The Version table provides details related to the release that this issue/RFE will be addressed.
Unresolved : Release in which this issue/RFE will be addressed. Resolved: Release in which this issue/RFE has been resolved. Fixed : Release in which this issue/RFE has been fixed. The release containing this fix may be available for download as an Early Access Release or a General Availability Release.

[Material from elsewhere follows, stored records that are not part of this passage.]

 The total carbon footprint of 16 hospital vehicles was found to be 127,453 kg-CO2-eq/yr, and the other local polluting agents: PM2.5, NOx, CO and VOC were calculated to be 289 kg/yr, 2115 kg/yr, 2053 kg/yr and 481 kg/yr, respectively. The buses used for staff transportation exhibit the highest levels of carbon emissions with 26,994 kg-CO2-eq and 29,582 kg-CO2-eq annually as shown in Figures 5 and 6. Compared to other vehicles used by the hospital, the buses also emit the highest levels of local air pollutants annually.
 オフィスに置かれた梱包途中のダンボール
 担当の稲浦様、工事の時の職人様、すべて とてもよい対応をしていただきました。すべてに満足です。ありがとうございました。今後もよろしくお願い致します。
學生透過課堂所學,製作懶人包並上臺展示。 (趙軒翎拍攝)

There is no hasNegatives intrinsic implemeneted for AArch64. It should be implemented.
Comments
Attached latest(and fastest) version of intrinsic (hasNegatives_merged_v1.1.diff) along with all results in a table(intrinsics-data.xls). Column for attached intrinsic version results is "* merged new".
27-07-2017
Another alternative implementation which uses aligned access where possible is attached. However, it's significantly more code, which will have benefit only in case hasNegatives was called with non-zero offset initially(or offset is not multiple of 8)
20-07-2017
Attached intrinsic diff.
Implemetation notes:
1) check array length variable to have lower bits set (0x1, 0x2, 0x4, 0x8) and invoke respective load instruction(ldrb, ldrh, ldrw, ldr) while reducing remaining length variable respectively. So, remaining length is 16*N after this code. Proceed to 2).

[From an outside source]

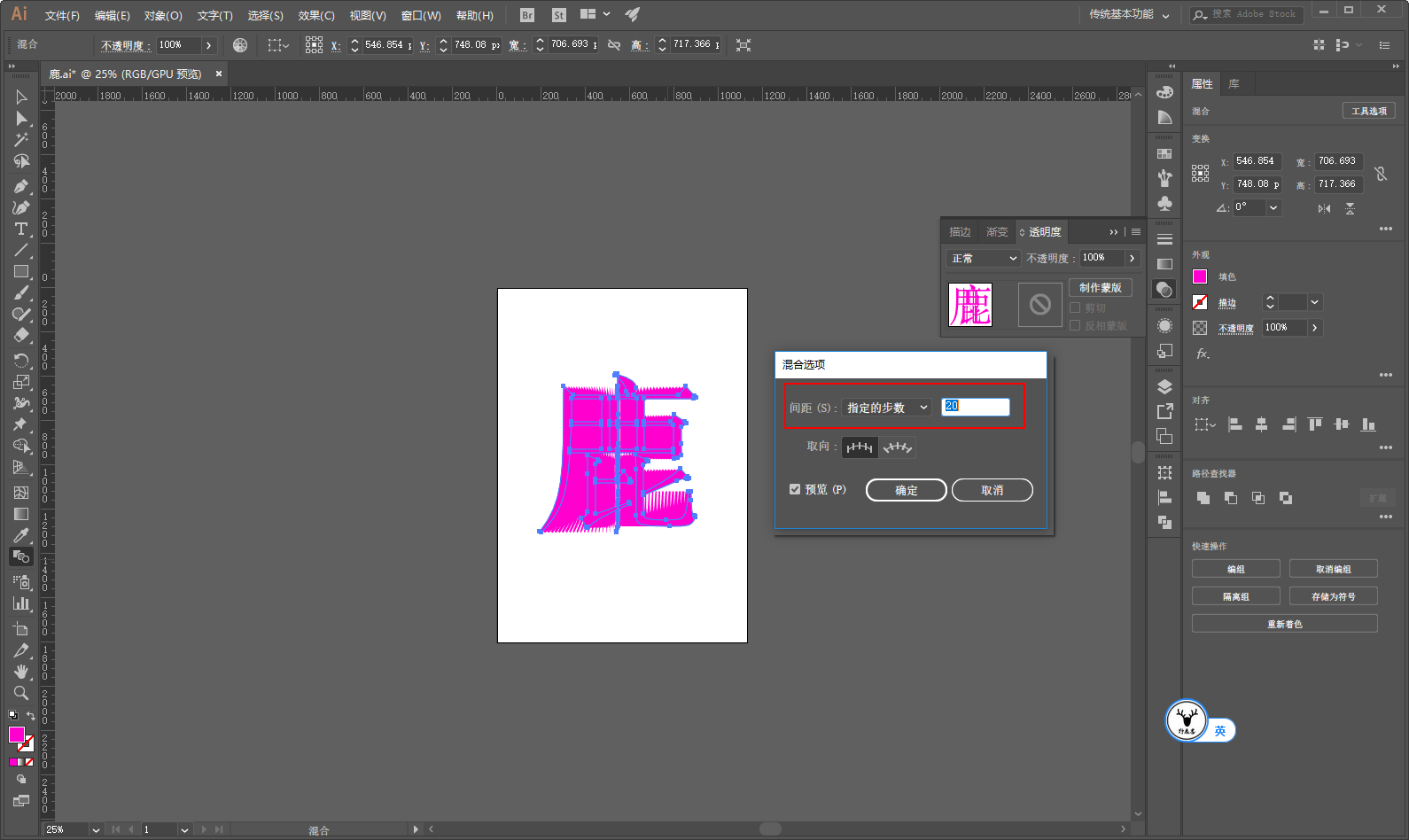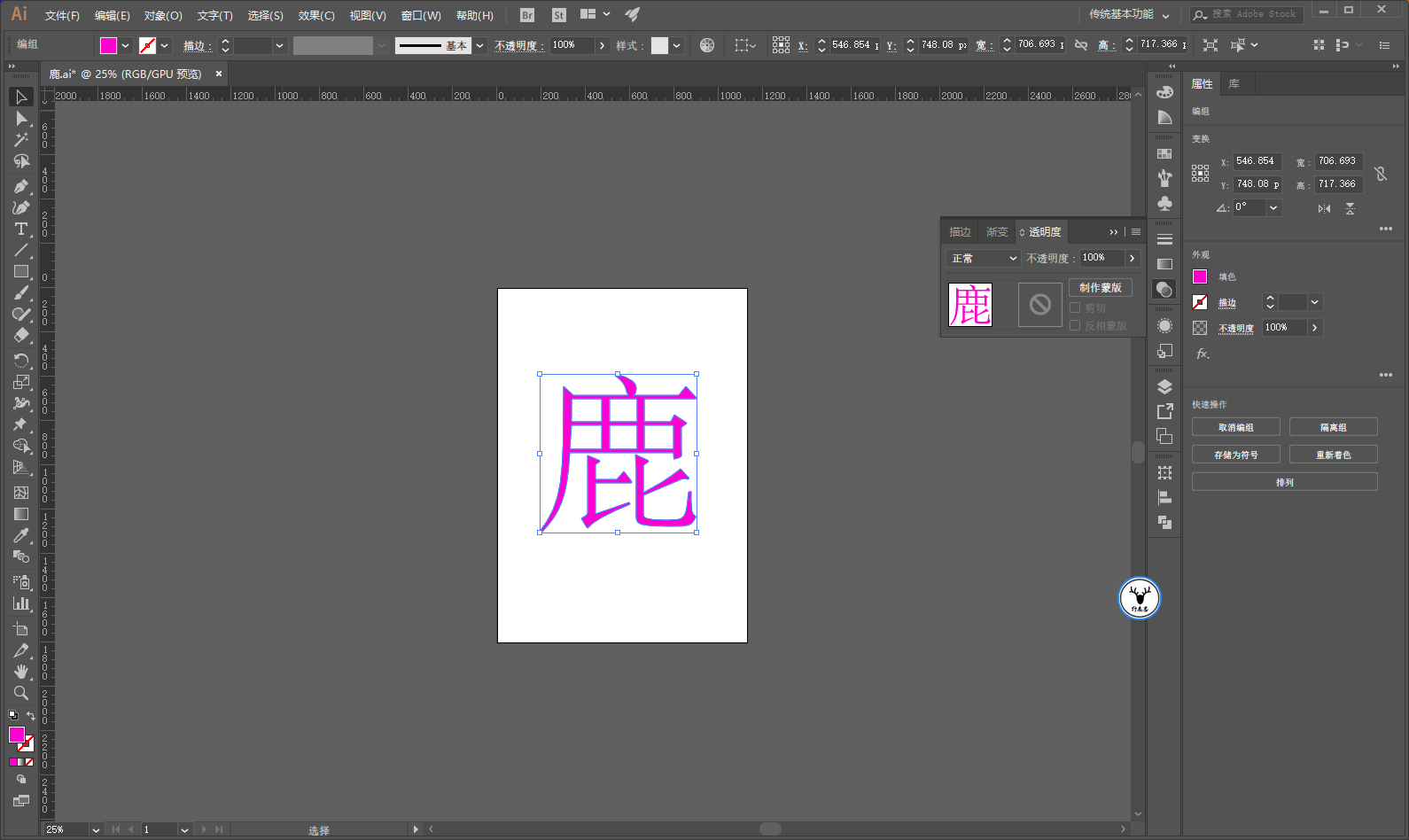 首先打开Ai,输入文字,这里顺带一提,因为涉及到对称以及缩放,这种效果不太适合左右结构的汉字,我这里以鹿字为例: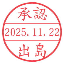 オプションの「電子透かし」をチェックし[生成]すると、見た目には分からないように、UNIXタイムスタンプを識別情報としてPNG形式の日付印に埋め込みます。 日付スタンプメーカーの使い方「部署」「名前」は最大8文字まで入力が可能です。「スタンプの色」を選択し、[生成]ボタン押下で印影画像が更新され、背景を透明に設定したPNG形式とPDF形式の印影画像がリンクからダウンロードできます。 オプションの「電子透かし」は、その性格上日付印ととても相性の良い付加サービスです。 別ページの「タイムスタンプと電子透かし」でも詳しく解説しますが、このオプションを追加することで、日付印が生成された日時に確かにその印が存在していることが証明されます。 ![]() 出島さんの電子印鑑が作れます。社内でのデータ書類閲覧確認用など、認印的な使い方のできる電子印鑑が作れます。 ![]() 古代文字で落款印が作れます。「落款スタンプメーカー」で作品を引き立たせる落款印が作れます。

2) in case remaining length >= 64, loads data in a loop with 4 ldp instructions(16 bytes each) and invoking prfm (prefetch hint) in case SoftwarePrefetchHintDistance >= 0 once per loop. This new flag (SoftwarePrefetchHintDistance) is introduced to provide configurable software prefetching in dynamically compiled code. This flag can disable software prefetch hint or set prefetch distance. Default distance is set to 3 * dcache_line which shows best performance on armv8 CPUs we have. 64-bytes loop proceed until length < 64, then, proceed to 3).
3) simple 16-byte loading loop until remaining length is 0.
Note: It was observed that software prefetching hint improves performance for platforms that do not have hardware prefetching (ThunderX T88), but also for platforms we have in hand which do have hardware prefetching (Cortex A53).